Last reviewed 2022-01-28 UTC

This solution provides an overview of common components and design patterns used to host game infrastructure on cloud platforms.

Video games have evolved over the last several decades into a thriving entertainment business. With the broadband internet becoming widespread, one of the key factors in the growth of games has been online play.

Online play comes in several forms, such as session-based multiplayer matches, massively multiplayer virtual worlds, and intertwined single-player experiences.

In the past, games using a client-server model required the purchase and maintenance of dedicated on-premises or co-located servers to run the online infrastructure, something only large studios and publishers could afford. In addition, extensive projections and capacity planning were required to meet customer demand without overspending on fixed hardware. With today's cloud-based compute resources, game developers and publishers of any size can request and receive any resources on demand, avoiding costly up-front monetary outlays and the dangers of over or under provisioning hardware.

High-level components

The following diagram illustrates the online portion of a gaming architecture.

Diagram of game infrastructure on Google Cloud with frontend and backend components.

The frontend components of the gaming architecture include:

Game platform services that provide extra-game functionality.
Dedicated game servers that host the game.

The backend components of the gaming architecture include:

Game state, persisted in the system of record and typically stored in the game database.
An analytics stack that stores and queries analytics and gameplay events.

These components can be hosted on a variety of environments: on-premises, private or public cloud, or even a fully managed solution. As long as the system meets your latency requirements for communication between the components and end users, any of these can work.

Frontend

The frontend provides interfaces that clients can interact with, either directly or through a load-balancing layer.

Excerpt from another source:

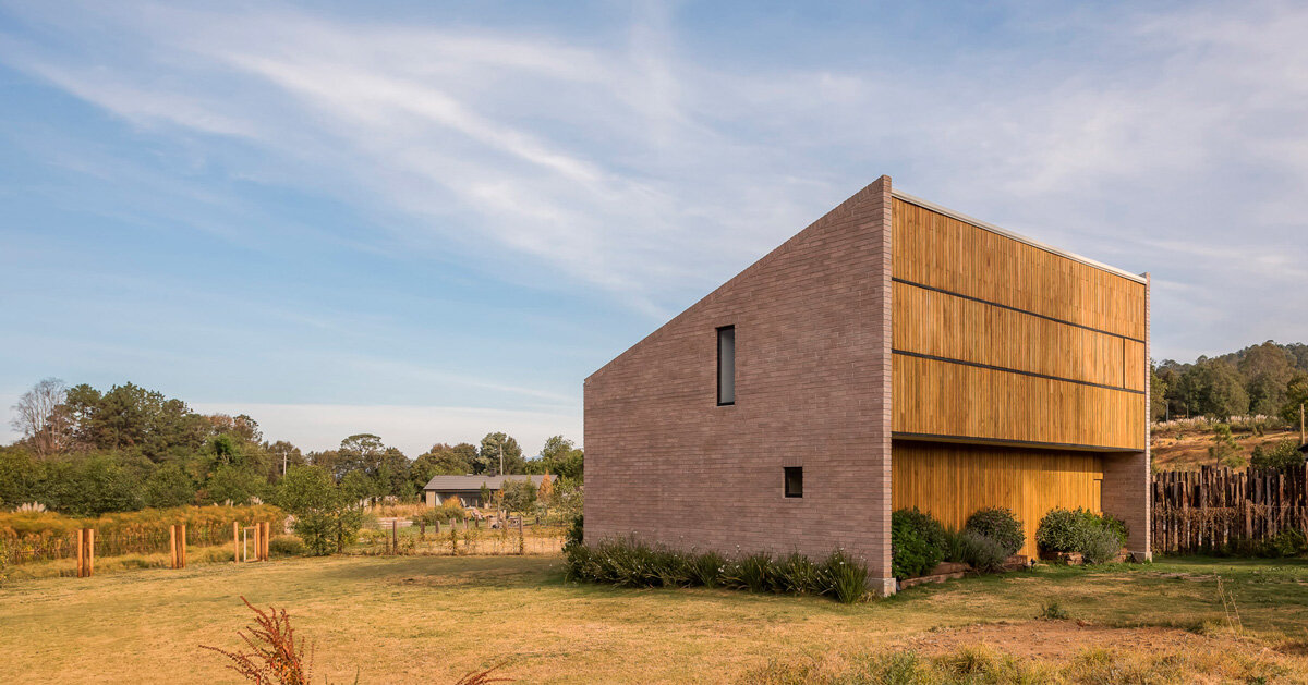 estudio atemporal crea una pequeña casa geométrica de ladrillo en un paisaje rural mexicano

For example, in a session-based first person shooter, the frontend typically includes a matchmaking service like Open Match. This service distributes connection information for dedicated game server instances to clients:

A client sends a request to the matchmaking service.
The matchmaking service assigns the player to a dedicated game server instance based on matching criteria.
The matchmaking service sends connection information to client.
The client can then connect directly to the dedicated game server instance using User Datagram Protocol (UDP).

Frontend services don't have to be used exclusively by external clients. It is common for frontend services to communicate with each other and with the backend.

Since frontend services are available over the internet, however, they can have additional exposure to attacks. You should consider hardening your frontend service against denial-of-service attacks and malformed packets to help address these security and reliability concerns. In comparison, backend services are generally only accessible to trusted code, and might therefore be harder to attack.

Game platform services

Common names for this component are platform services or online services. Platform services provide interfaces for essential meta-game functions, such as allowing players to join the same dedicated game server instance, or holding the "friend list" social graph for your game. It's common for the platform your game is running on, such as Steam, Xbox Live, or Google Play Games, to provide these services:

Leaderboard and match history
Matchmaking
Online lobby
Chat
Inventory management
Authorization
Party/group
Profile
Guild
Cross-platform unlock
Feeds
Social identity mapping
Analytics
Presence

Game platform services evolved in a similar way compared to web services:

In the early 2000s, a typical suite of platform services would run as a monolithic service, frequently implemented as a singleton. Even when federated, this pattern is not recommended for cloud deployments.
The now-familiar Service oriented architecture pattern (SOA) became popular in the mid-2000s, as the industry changed the various services to be independently scalable. In addition, the services could now be accessed not only by game clients and servers, but also by web services and, eventually, smartphone apps.
The last half-decade has seen many developers adopting the microservices approach championed by fast-scaling web companies. Many of the fundamental challenges of platform services and web applications are the same, such as enabling fast development cycles and running highly distributed services all over the world. Microservices can help address these problems and are an excellent choice when designing applications to run on cloud platforms.
In addition, there are now many hosted or managed services that provide a way to build either platform services or fully managed platform services.

Backend platform services

Although most platform services are accessed by external clients, sometimes it makes sense for a platform service to be accessed only by other portions of your online infrastructure, such as an internal competitive player ranking service that isn't exposed to the public internet. Although such backend platform services typically lack an external network route and IP address, they follow the same design practices as frontend platform services.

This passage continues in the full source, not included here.